Actually, I am still having the same issue even when specifiying the model file path:

C:\Users\Kurtis\Desktop\Research\AutoRT-master>py autort.py train -e 100 -b 64 -g models/base_model/model.json -u m -i C:\Users\Kurtis\Desktop\Research\data\autoRTTrainingSet.tsv -sm min_max -rlr -n 20 -o C:\Users\Kurtis\Desktop\Research\data Scaling method: min_max Step 1: Traceback (most recent call last): File "C:\Users\Kurtis\Desktop\Research\AutoRT-master\autort.py", line 158, in main() File "C:\Users\Kurtis\Desktop\Research\AutoRT-master\autort.py", line 109, in main two_step_ensemble_models(input_data=input_file, nb_epoch=epochs, batch_size=batch_size, File "C:\Users\Kurtis\Desktop\Research\AutoRT-master\autort\RTModels.py", line 675, in two_step_ensemble_models ensemble_models(models_file=models_file, input_data=input_data, ensemble_method=ensemble_method, File "C:\Users\Kurtis\Desktop\Research\AutoRT-master\autort\RTModels.py", line 735, in ensemble_models with open(models_file, "r") as read_file: TypeError: expected str, bytes or os.PathLike object, not NoneType

Sorry, there was a typo in the command line.
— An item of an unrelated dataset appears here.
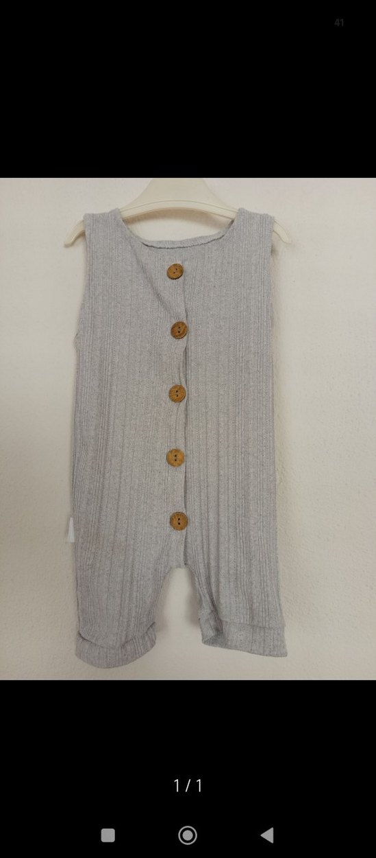 Gri keten kumaştan, kolsuz ve düğmeli bebek tulumu. Yuvarlak yakalı ve desensiz sade tasarıma sahiptir.
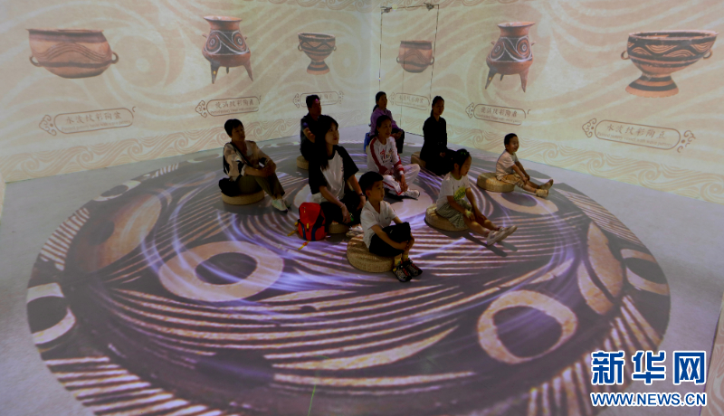 游客在观看“彣彩千年—沉浸式数字体验展”。新华网发(侯新建 摄)

Please use the new command line as shown above.

bertauchekurtis commented 2 years ago

It is working now. Thank you very much for your help and showing me what I was doing wrong. :)
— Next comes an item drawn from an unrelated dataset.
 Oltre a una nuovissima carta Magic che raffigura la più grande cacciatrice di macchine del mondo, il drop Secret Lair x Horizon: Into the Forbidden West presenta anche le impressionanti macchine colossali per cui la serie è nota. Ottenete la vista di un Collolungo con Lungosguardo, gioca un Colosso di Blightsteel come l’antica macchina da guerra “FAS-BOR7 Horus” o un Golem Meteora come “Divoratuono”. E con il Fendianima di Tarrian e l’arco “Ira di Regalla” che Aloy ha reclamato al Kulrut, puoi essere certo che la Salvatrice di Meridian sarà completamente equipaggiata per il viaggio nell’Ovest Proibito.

wenbostar commented 2 years ago

You're welcome. AutoRT could predict RT for phosphopeptides very accurately. If the prediction performance is not as good as shown at https://github.com/bzhanglab/AutoRT#performance-of-autort, please let me know. I'm happy to help.

bertauchekurtis commented 2 years ago

One more question if you don't mind. Once I've finished the training, which model file should I be using when I run the predictions?

wenbostar commented 2 years ago

Below please find the command line for prediction. The output folder C:\Users\Kurtis\Desktop\Research\data\tf_model contains the trained model files and you only need to give C:\Users\Kurtis\Desktop\Research\data\tf_model\model.json to -s which contains all the model information needed in prediction.

py autort.py predict -t test.tsv -s C:\Users\Kurtis\Desktop\Research\data\tf_model\model.json -o tf_prediction/ -p test
bertauchekurtis commented 2 years ago

Okay, thank you!

bertauchekurtis commented 2 years ago

What effect do the batch size and epoch size parameters have on the training of the model?

wenbostar commented 2 years ago

The two parameters may have a big impact on the performance. You could use "-e 40 -b 64". I used this on many datasets from small size (~1000 peptides) to very large size and it works very well.

bertauchekurtis commented 2 years ago

Okay, I will try that, thank you. My dataset has about ~70,000 peptides.

wenbostar commented 2 years ago

The size is large enough to train a very good model. If the dataset was generated from multiple MS/MS runs/fractions, make sure that the RTs of peptides from different runs/fractions are well aligned. In addition, for each peptide (peptide + modification, peptide form) only keep one entry in the training dataset.